Start of RECORDED INFORMATION
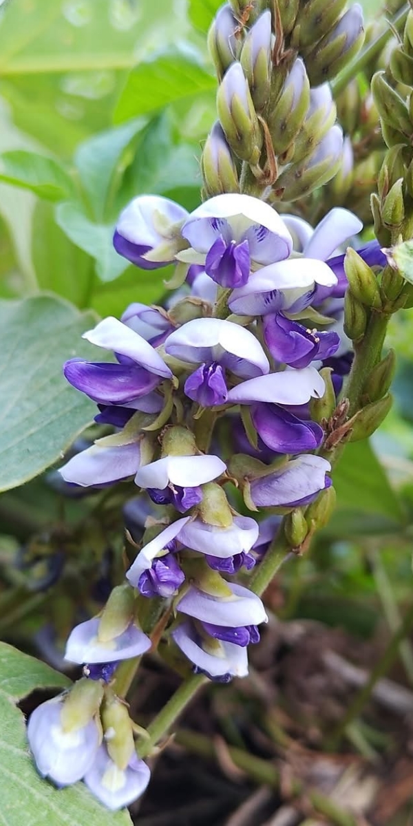 ![]() 上面照片:陳玉琴拍攝 (總狀花序,腋生,花朵密集;花冠蝶形,粉紅色至紫藍色) |
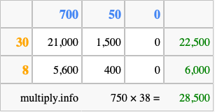Finally, we add up all the sums we found in step 3 to get our final answer to 750 times 38.
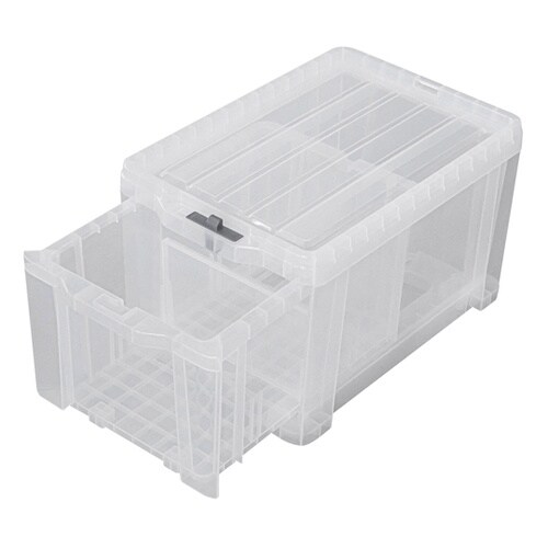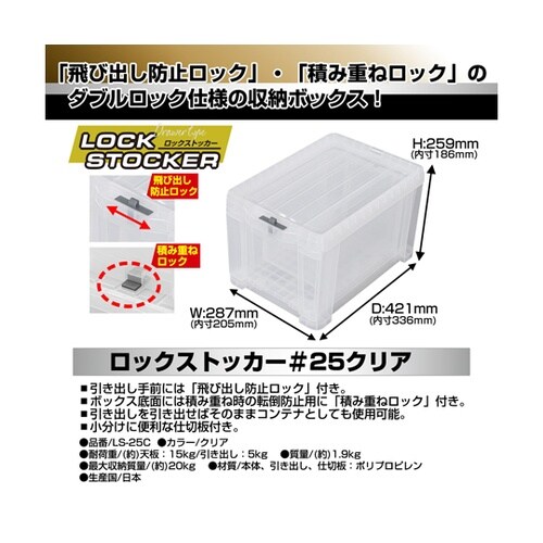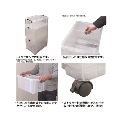 引き出し手前には「飛び出し防止ロック」付き。ボックス底面には積み重ね時の転倒防止用に「積み重ねロック」付き。引き出しを引き出せばそのままコンテナとしても使用可能。各引き出しには小分けに便利な仕切版1枚 |
End of RECORDED INFORMATION
WHAT THIS TASK INVOLVES: Starting with the line that contains "Finally, we add", reproduce every line down to the end of the listing above, both endpoints included. Pictures stay out.

ANSWER SECTION:
Finally, we add up all the sums we found in step 3 to get our final answer to 750 times 38.
 引き出し手前には「飛び出し防止ロック」付き。ボックス底面には積み重ね時の転倒防止用に「積み重ねロック」付き。引き出しを引き出せばそのままコンテナとしても使用可能。各引き出しには小分けに便利な仕切版1枚 |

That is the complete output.